_Directions_
What you return must match the records word for word, except that pictures are dropped.

+===+

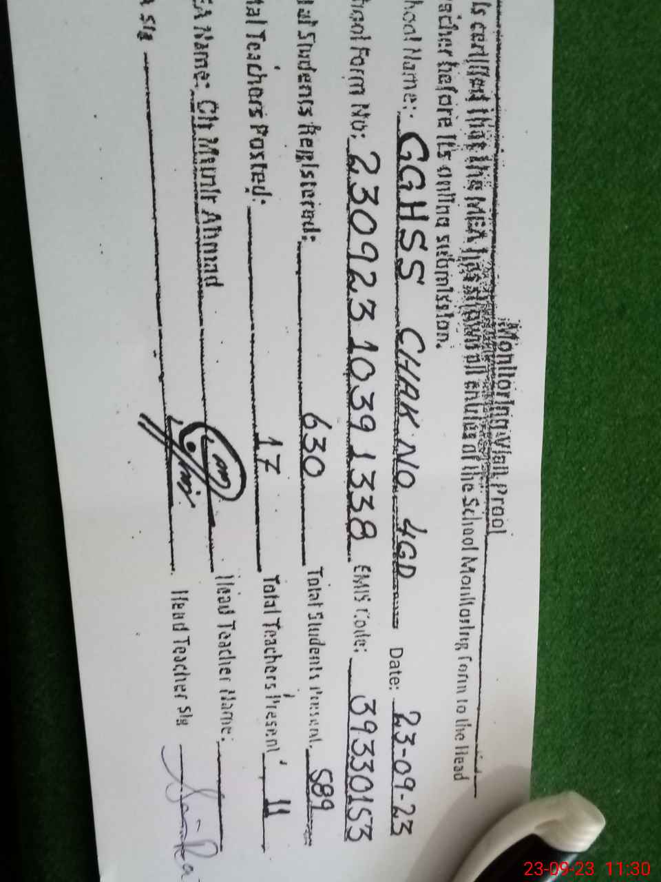 | EMIS Code: 39330153 | Name of School: NADEEM TANVEER SHAHEED GGHSS CHAK NO.4-GD | |||
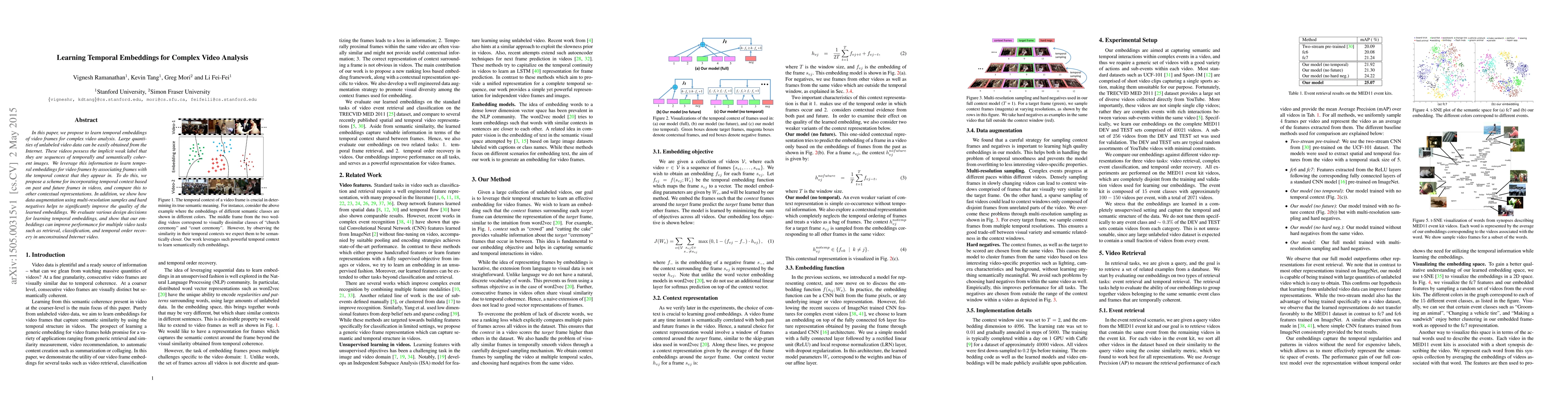 In this paper, we propose to learn temporal embeddings of video frames for complex video analysis. Large quantities of unlabeled video data can be easily obtained from the Internet. These videos possess the implicit weak label that they are sequences of temporally and semantically coherent images. We leverage this information to learn temporal embeddings for video frames by associating frames with the temporal context that they appear in. To do this, we propose a scheme for incorporating temporal context based on past and future frames in videos, and compare this to other contextual representations. In addition, we show how data augmentation using multi-resolution samples and hard negatives helps to significantly improve the quality of the learned embeddings. We evaluate various design decisions for learning temporal embeddings, and show that our embeddings can improve performance for multiple video tasks such as retrieval, classification, and temporal order recovery in unconstrained Internet video.
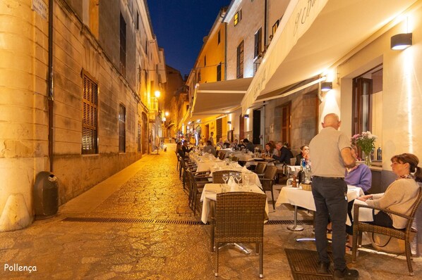 Outdoor dining - Appealing Villa, A/C, Private Pool, Pretty Garden, Great Location, 5 mins walk to Old Town Pollença (Pollença)
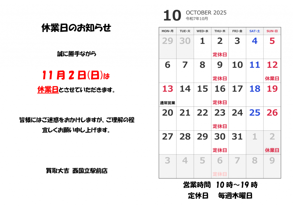 ※誠に勝手ながら、11月2日(日)は休業日とさせていただきます。
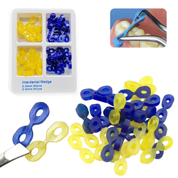 وج الاستیک - Elastic Fixing Wedge:این نوع وج در واقع گیرههای حلقه ای الاستیک است که وج زرد رنگ با ضخامت 2 میلیمتر و وج آبی رنگ با ضخامت 2.5 میلیمتر تولید شده است. قابل اتوکلاو تا دمای 150 درجه سانتیگراد و استریلیزاسیون بوده و با استفاده از انبرهای مخصوص در محل قرار میگیرد.وج الاسیتک از برند TorVM در رنگهای آبی (سخت) با ضخامت 2.5 میلیمتر و زرد (نرم) با ضخامت 2 میلیمتر و بستههای 10 عددی در فروشگاه اینترنتی دندانت عرضه میشود.
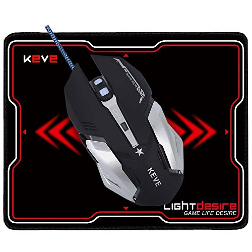 -. Binding : Video Game -. Brand : LIGHTDESIRE -. Feature : ❶ 4 DPI ADJUSTABLE:Precision control with 4 DPI settings: 1200/1600/2400/3200;Polling Rate:500Hz;Suitable for games and design work / ❷ ERGONOMIC DESIGN:Fits naturally in your hand with no cramping after extended gaming or work sessions / ❸ 6 BUTTONS DESIGN: For superior productivity and efficiency,with forward and backward button,more convenient to scan the web-page and files / ❹ INTELLIGENT CONNECTIVITY: No need to code, plug & play (No need CD driver).Metal bottom more stable when mouse moving,style more fashion / ❺ 4 COLORS LED LIGHT:Cycle breathing or you can turn it off -. HardwarePlatform : PC/Mac -. Label : LIGHTDESIRE -. Manufacturer : LIGHTDESIRE -. Model : KEVE -. MPN : LD-KV001 -. OperatingSystem : Macintosh -. PackageQuantity : 1 -. PartNumber : LD-KV001 -. Platform : Mac / Windows -. ProductGroup : Video Games -. ProductTypeName : VIDEO_GAME_ACCESSORIES -. Publisher : LIGHTDESIRE -. Studio : LIGHTDESIRE -. Title : Gaming Mouse 6 Buttons 3200 DPI LED Light Breathing Changing Adjustable High Precision With Mouse Pad by LIGHTDESIRE Upgraded Version
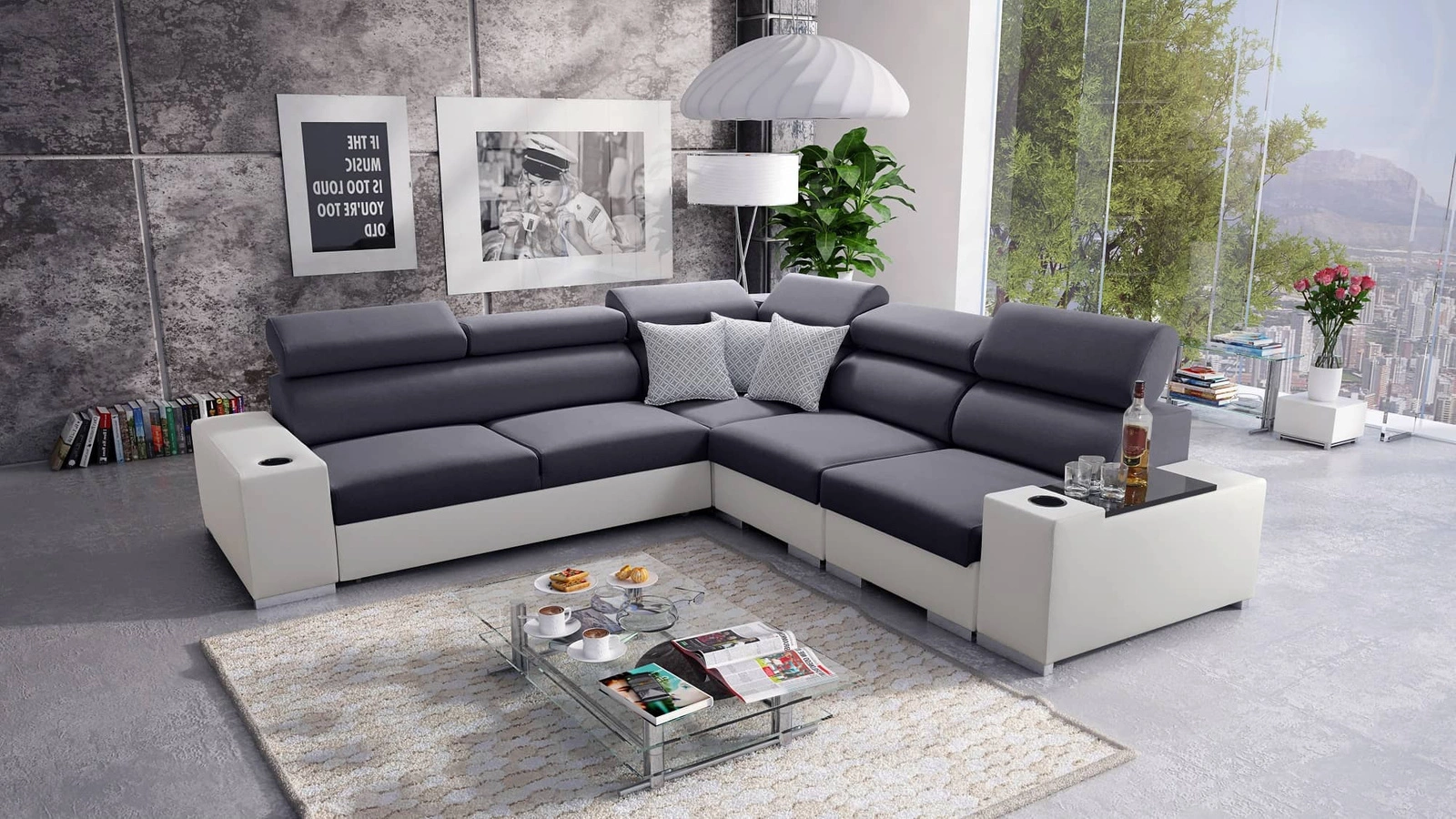 Ecksofa Provo III in Graphit/Weiß mit verstellbaren Kopfstützen ist ein elegantes Möbelstück, das sich in jede Einrichtung einfügt.
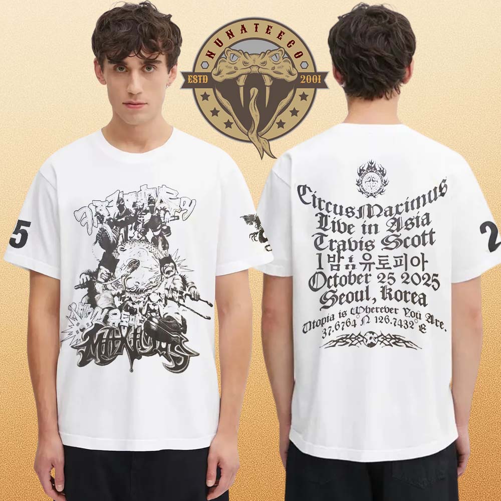 👉 Shop the Travis Scott Merch Circus Maximus Tour Live In Asia Seoul South Korea On October 25 2025 Unisex T-Shirt at Nunateeco today.
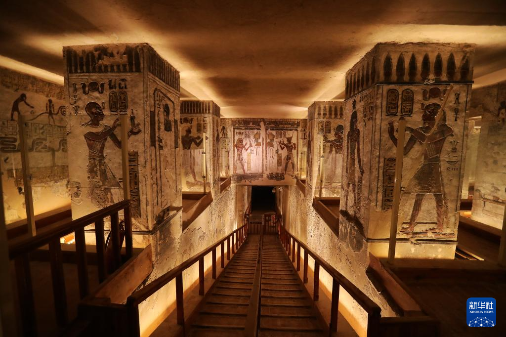 这是2023年1月24日在埃及卢克索王后谷拍摄的奈菲尔塔利地下陵墓壁画。
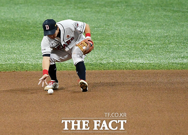[더팩트ㅣ배정한 기자] '2020 신한은행 SOL KBO리그' 포스트시즌 두산 베어스와 NC 다이노스의 한국시리즈 3차전 경기가 20일 오후 서울 구로구 고척스카이돔에서 열렸다. 4회말 두산 최주환이 NC 노진혁의 타구를 맨손으로 잡고 있다.
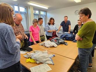 Neben den vielen Tipps zeigte Fachlehrerin Katrin Haubner auch praktisch wie der Schmutzwäscheberg im Haushalt zu bewältigen ist. Anhand der sechs goldenen Regeln zum nachhaltigen Waschen konnten die Teilnehmenden ihr eigenes Verbraucherverhalten überprüfen. So genügen für die im Durchschnitts-Haushalt anfallende Wäsche drei Arten an Waschmitteln: ein pulverförmiges Vollwaschmittel, ein Colorwaschmittel und je nach Bedarf ein Spezialwaschmittel für Wolle und Seide oder ein Flüssigwaschmittel für die Funktionstextilien.
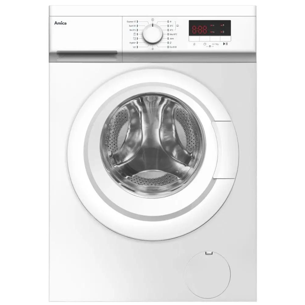 Spredu plnená práčka, Amica GWAS610DL, Energetická trieda D, Max. náplň bielizne 6 kg, Max. počet otáčok 1000 ot./min., Spotreba energie na 100 cyklov 65 kWh, Spotreba vody na cyklus 43 l, Hlučnosť 80 dB, Ovládací panel so symbolmi, Celkový počet programov 15, Detský zámok, Zvukový signál ukončenia prania, Funkcia odložený
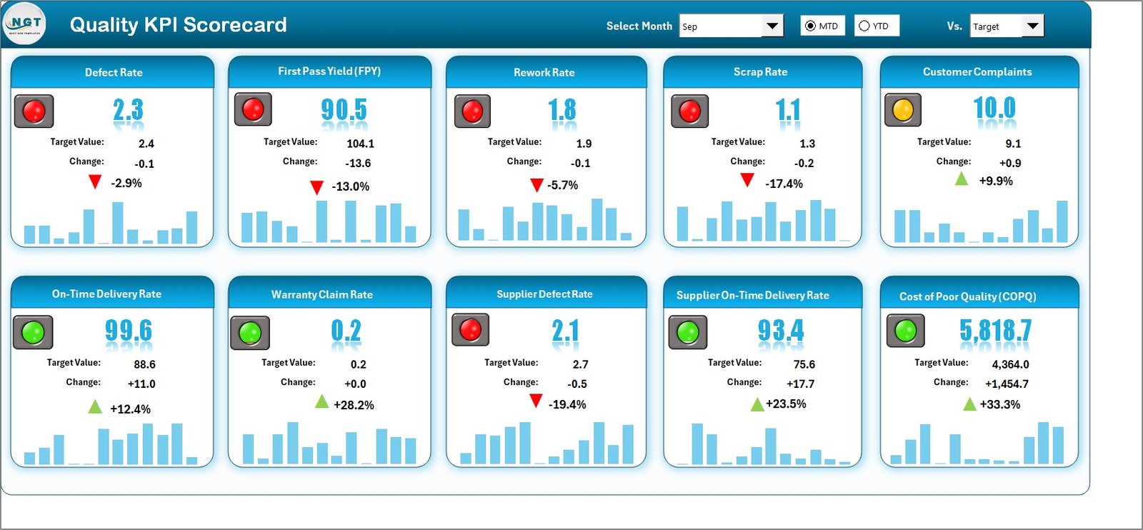 By using the Quality KPI Scorecard in Excel, organizations can:
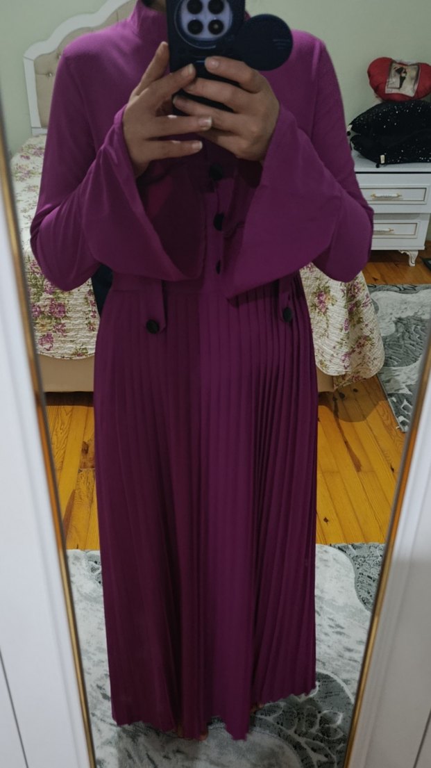 Mor renkli, pilili ve uzun kollu, notched lapel yaka detaylı bol kesim kadın elbisesi. Yumuşak sentetik kumaştan, sade tasarım.sadece bir düğmesi yok

+===+

_Written reply_
 | EMIS Code: 39330153 | Name of School: NADEEM TANVEER SHAHEED GGHSS CHAK NO.4-GD | |||
 In this paper, we propose to learn temporal embeddings of video frames for complex video analysis. Large quantities of unlabeled video data can be easily obtained from the Internet. These videos possess the implicit weak label that they are sequences of temporally and semantically coherent images. We leverage this information to learn temporal embeddings for video frames by associating frames with the temporal context that they appear in. To do this, we propose a scheme for incorporating temporal context based on past and future frames in videos, and compare this to other contextual representations. In addition, we show how data augmentation using multi-resolution samples and hard negatives helps to significantly improve the quality of the learned embeddings. We evaluate various design decisions for learning temporal embeddings, and show that our embeddings can improve performance for multiple video tasks such as retrieval, classification, and temporal order recovery in unconstrained Internet video.
 Outdoor dining - Appealing Villa, A/C, Private Pool, Pretty Garden, Great Location, 5 mins walk to Old Town Pollença (Pollença)
 ※誠に勝手ながら、11月2日(日)は休業日とさせていただきます。
 وج الاستیک - Elastic Fixing Wedge:این نوع وج در واقع گیرههای حلقه ای الاستیک است که وج زرد رنگ با ضخامت 2 میلیمتر و وج آبی رنگ با ضخامت 2.5 میلیمتر تولید شده است. قابل اتوکلاو تا دمای 150 درجه سانتیگراد و استریلیزاسیون بوده و با استفاده از انبرهای مخصوص در محل قرار میگیرد.وج الاسیتک از برند TorVM در رنگهای آبی (سخت) با ضخامت 2.5 میلیمتر و زرد (نرم) با ضخامت 2 میلیمتر و بستههای 10 عددی در فروشگاه اینترنتی دندانت عرضه میشود.
 -. Binding : Video Game -. Brand : LIGHTDESIRE -. Feature : ❶ 4 DPI ADJUSTABLE:Precision control with 4 DPI settings: 1200/1600/2400/3200;Polling Rate:500Hz;Suitable for games and design work / ❷ ERGONOMIC DESIGN:Fits naturally in your hand with no cramping after extended gaming or work sessions / ❸ 6 BUTTONS DESIGN: For superior productivity and efficiency,with forward and backward button,more convenient to scan the web-page and files / ❹ INTELLIGENT CONNECTIVITY: No need to code, plug & play (No need CD driver).Metal bottom more stable when mouse moving,style more fashion / ❺ 4 COLORS LED LIGHT:Cycle breathing or you can turn it off -. HardwarePlatform : PC/Mac -. Label : LIGHTDESIRE -. Manufacturer : LIGHTDESIRE -. Model : KEVE -. MPN : LD-KV001 -. OperatingSystem : Macintosh -. PackageQuantity : 1 -. PartNumber : LD-KV001 -. Platform : Mac / Windows -. ProductGroup : Video Games -. ProductTypeName : VIDEO_GAME_ACCESSORIES -. Publisher : LIGHTDESIRE -. Studio : LIGHTDESIRE -. Title : Gaming Mouse 6 Buttons 3200 DPI LED Light Breathing Changing Adjustable High Precision With Mouse Pad by LIGHTDESIRE Upgraded Version
 Ecksofa Provo III in Graphit/Weiß mit verstellbaren Kopfstützen ist ein elegantes Möbelstück, das sich in jede Einrichtung einfügt.
 👉 Shop the Travis Scott Merch Circus Maximus Tour Live In Asia Seoul South Korea On October 25 2025 Unisex T-Shirt at Nunateeco today.
 这是2023年1月24日在埃及卢克索王后谷拍摄的奈菲尔塔利地下陵墓壁画。
[더팩트ㅣ배정한 기자] '2020 신한은행 SOL KBO리그' 포스트시즌 두산 베어스와 NC 다이노스의 한국시리즈 3차전 경기가 20일 오후 서울 구로구 고척스카이돔에서 열렸다. 4회말 두산 최주환이 NC 노진혁의 타구를 맨손으로 잡고 있다.
 Neben den vielen Tipps zeigte Fachlehrerin Katrin Haubner auch praktisch wie der Schmutzwäscheberg im Haushalt zu bewältigen ist. Anhand der sechs goldenen Regeln zum nachhaltigen Waschen konnten die Teilnehmenden ihr eigenes Verbraucherverhalten überprüfen. So genügen für die im Durchschnitts-Haushalt anfallende Wäsche drei Arten an Waschmitteln: ein pulverförmiges Vollwaschmittel, ein Colorwaschmittel und je nach Bedarf ein Spezialwaschmittel für Wolle und Seide oder ein Flüssigwaschmittel für die Funktionstextilien.
 Spredu plnená práčka, Amica GWAS610DL, Energetická trieda D, Max. náplň bielizne 6 kg, Max. počet otáčok 1000 ot./min., Spotreba energie na 100 cyklov 65 kWh, Spotreba vody na cyklus 43 l, Hlučnosť 80 dB, Ovládací panel so symbolmi, Celkový počet programov 15, Detský zámok, Zvukový signál ukončenia prania, Funkcia odložený
 By using the Quality KPI Scorecard in Excel, organizations can:
 Mor renkli, pilili ve uzun kollu, notched lapel yaka detaylı bol kesim kadın elbisesi. Yumuşak sentetik kumaştan, sade tasarım.sadece bir düğmesi yok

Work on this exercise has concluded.